Top of Extracted material
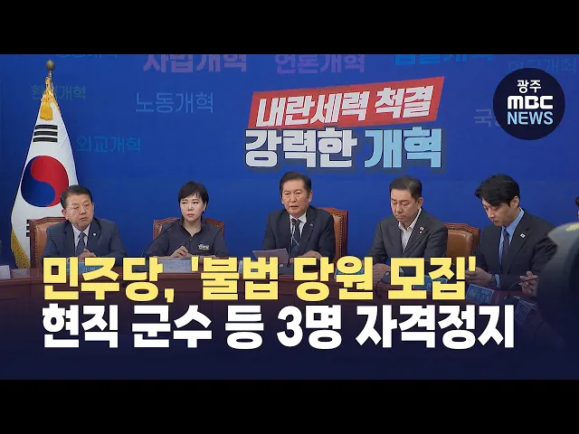 민주당이 불법 당원 모집에 관여한 현직 군수 등 전남지역 출마 예정자 3명을 중징계했습니다.민주당 윤리심판원은 불법 당원 모집으로 적발된 현직 군수와 군수 출마 예정자에게 각각 당원 자격정지 2년, 도의원 출마 예정자에게는 자격정지 3개월 처분을 결정해 최고위원회에 보고했습니다.이들은 주소지를 허위로 등록시...
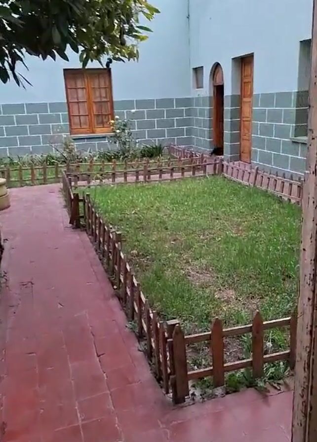 courtyard garden with a red tile path running through it. The garden has a low wooden fence around a patch of grass. In the background, there's a building with light blue walls and dark gray brick trim. The building has wooden windows and doors. Two people are seen near a stone structure, possibly a fountain, in the distance. There is a tree in the left foreground. The camera pans slightly to the left.
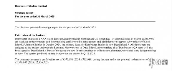 Dambuster Studios公布的财报信息表明,自2024年10月《死亡岛2》终极版正式推出之后,该工作室便已把主要的工作重心全方位地转移到了《死亡岛3》的开发工作上。
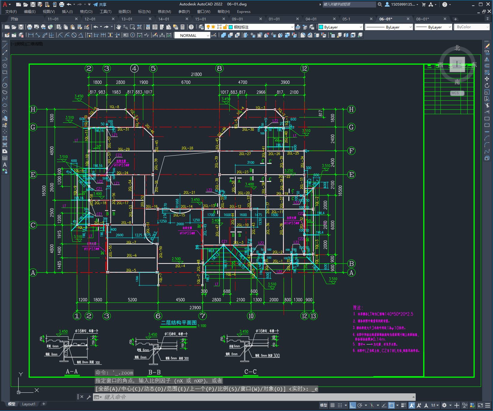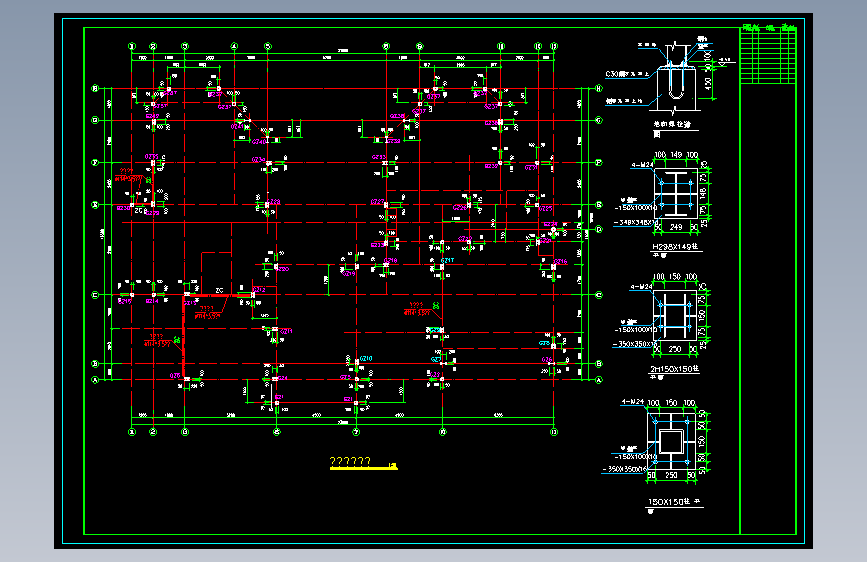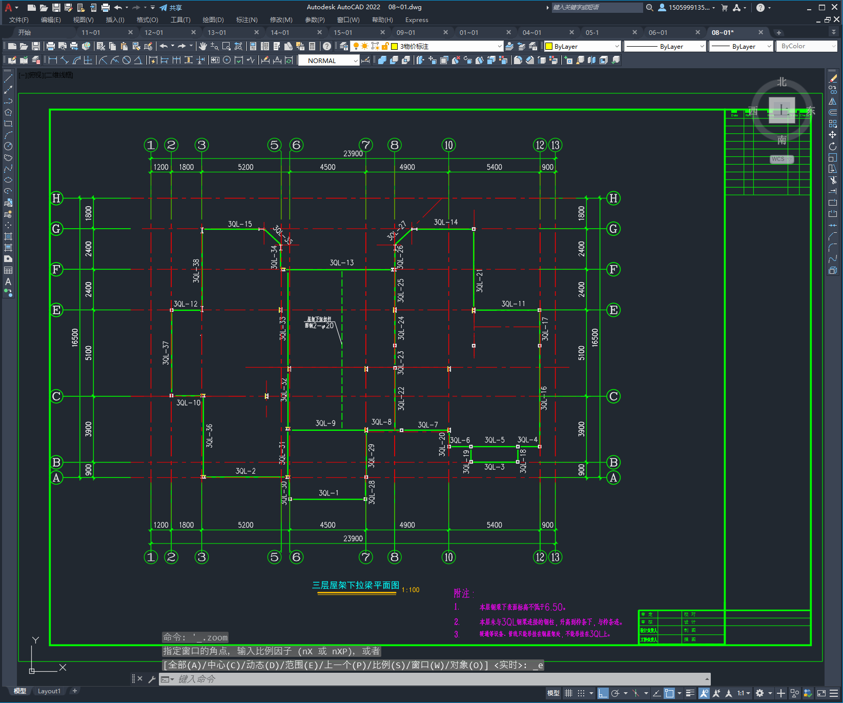 梁柱刚接节点 三层屋面结构平面图
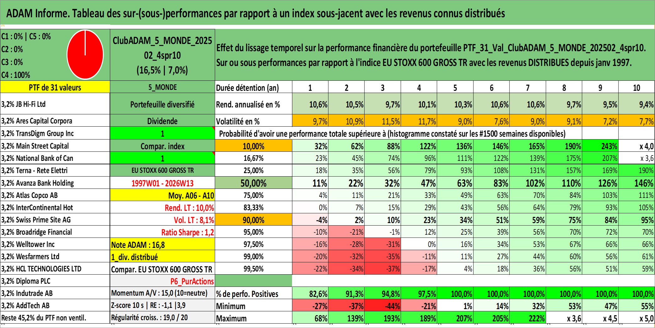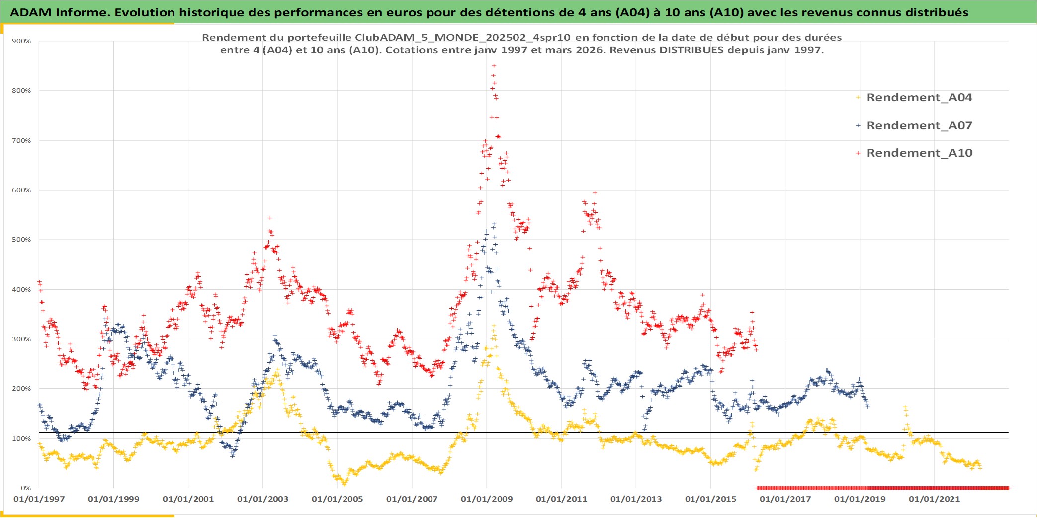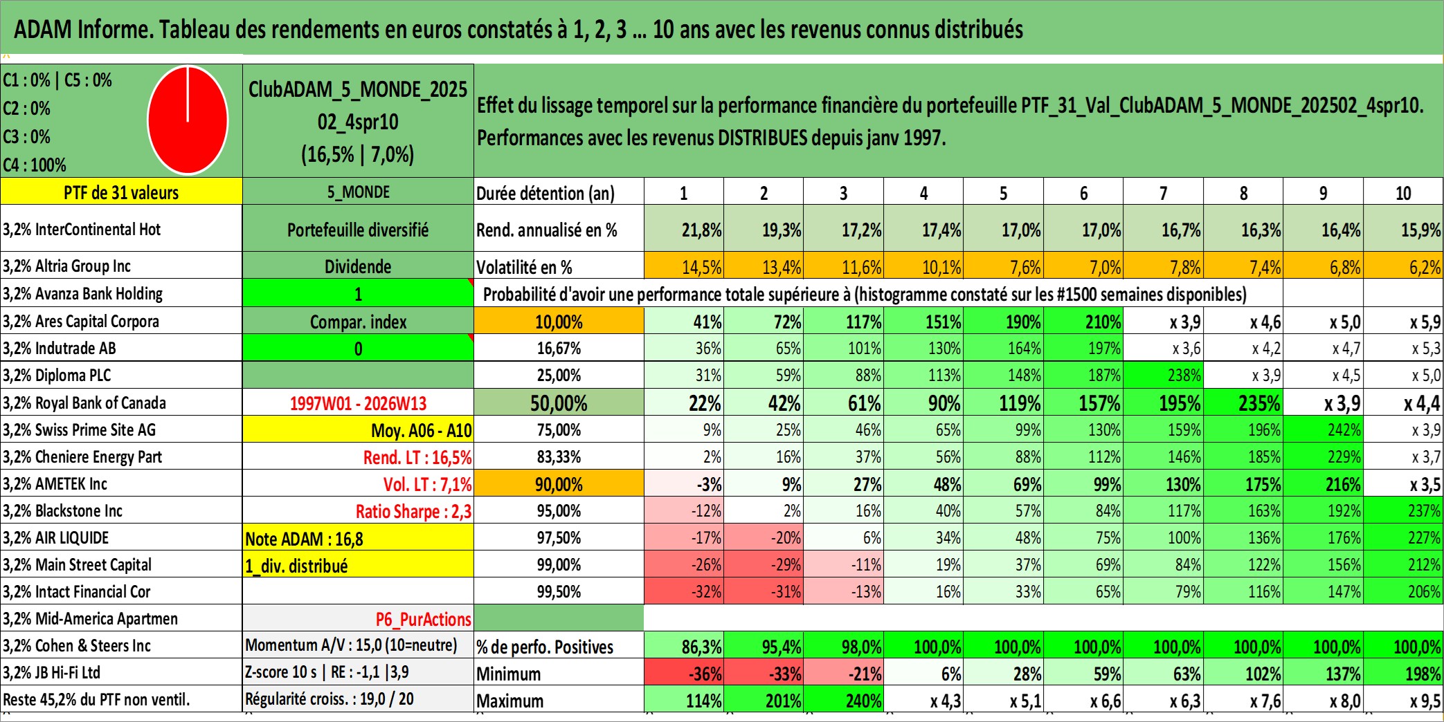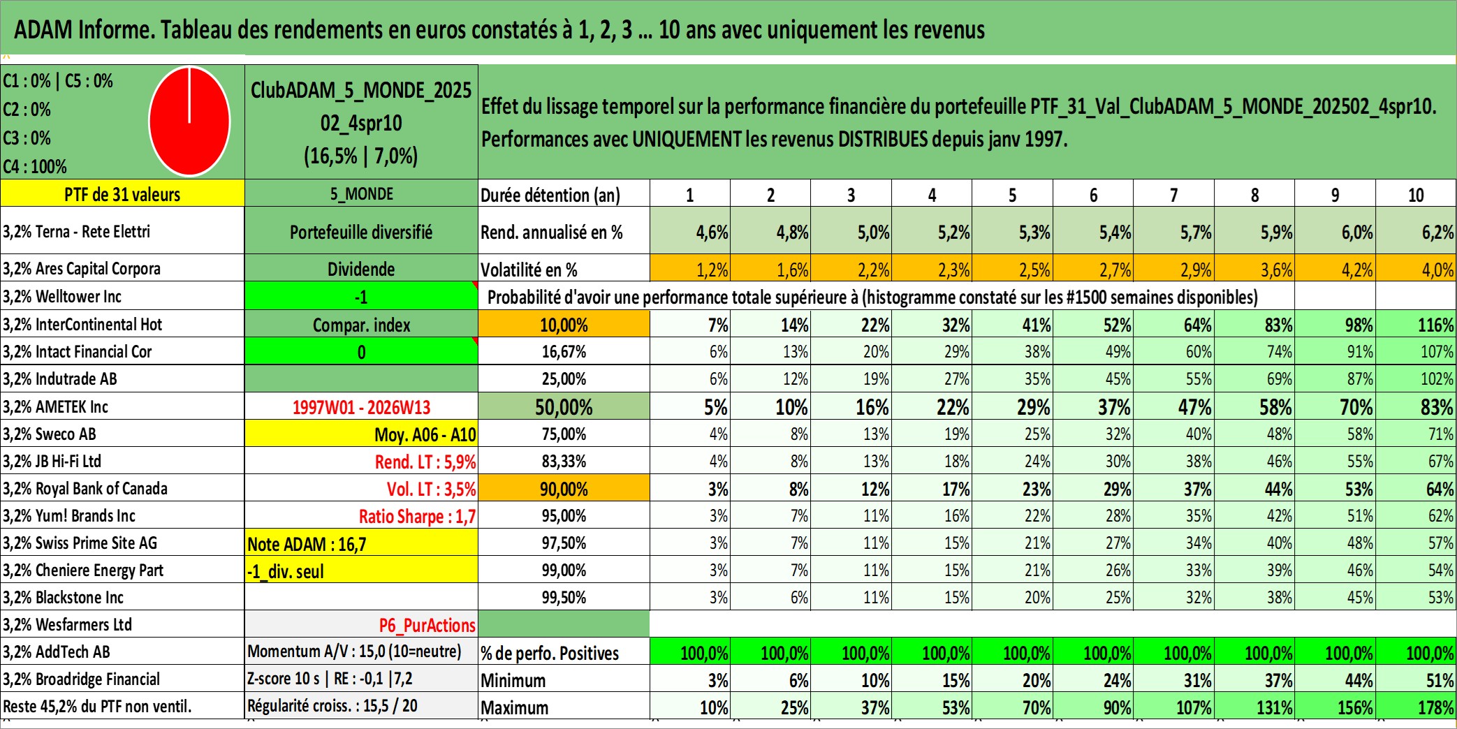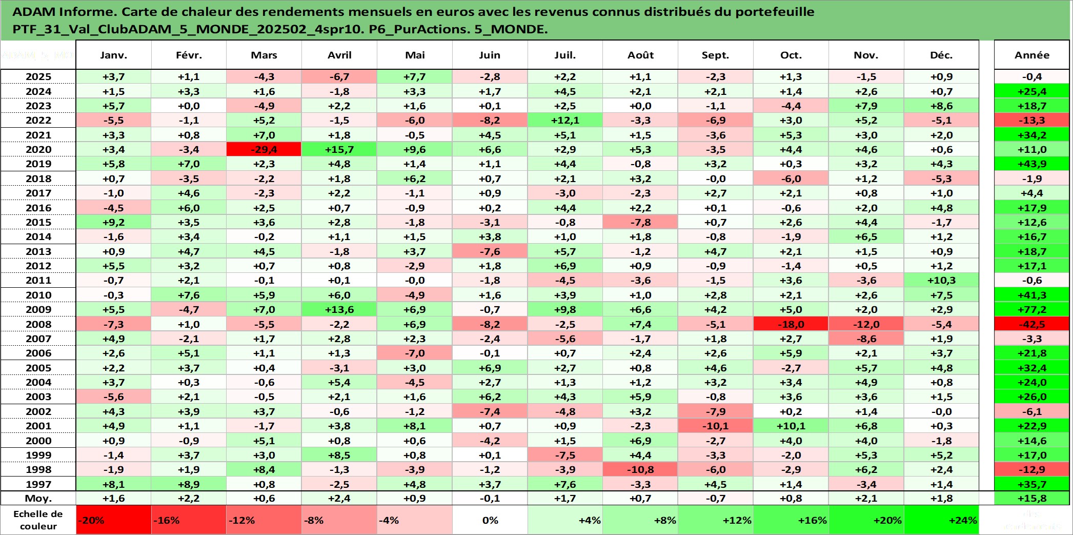 Site dédié aux investisseursPage dédiée sur site financeAnalyse des valorisations hebdomadaires du portefeuille ClubADAM_5_MONDE_202502_4spr10_31actifs avec un profil P6_PurActions. Ce portefeuille est cote en EUR. Les valorisations couvrent les semaines 1997W01 a 2026W13. Les revenus de cet actif financier sont pris en compte depuis la semaine 1997W01. La note globale ESG de cet actif est estimee a 11.7 (apres rebasage entre 0 et 20).
Bottom of Extracted material
» **Task details**: Print every record above exactly, with no pictures.

» **Output of the exercise**:
 민주당이 불법 당원 모집에 관여한 현직 군수 등 전남지역 출마 예정자 3명을 중징계했습니다.민주당 윤리심판원은 불법 당원 모집으로 적발된 현직 군수와 군수 출마 예정자에게 각각 당원 자격정지 2년, 도의원 출마 예정자에게는 자격정지 3개월 처분을 결정해 최고위원회에 보고했습니다.이들은 주소지를 허위로 등록시...
 courtyard garden with a red tile path running through it. The garden has a low wooden fence around a patch of grass. In the background, there's a building with light blue walls and dark gray brick trim. The building has wooden windows and doors. Two people are seen near a stone structure, possibly a fountain, in the distance. There is a tree in the left foreground. The camera pans slightly to the left.
 Dambuster Studios公布的财报信息表明,自2024年10月《死亡岛2》终极版正式推出之后,该工作室便已把主要的工作重心全方位地转移到了《死亡岛3》的开发工作上。
 梁柱刚接节点 三层屋面结构平面图
 Site dédié aux investisseursPage dédiée sur site financeAnalyse des valorisations hebdomadaires du portefeuille ClubADAM_5_MONDE_202502_4spr10_31actifs avec un profil P6_PurActions. Ce portefeuille est cote en EUR. Les valorisations couvrent les semaines 1997W01 a 2026W13. Les revenus de cet actif financier sont pris en compte depuis la semaine 1997W01. La note globale ESG de cet actif est estimee a 11.7 (apres rebasage entre 0 et 20).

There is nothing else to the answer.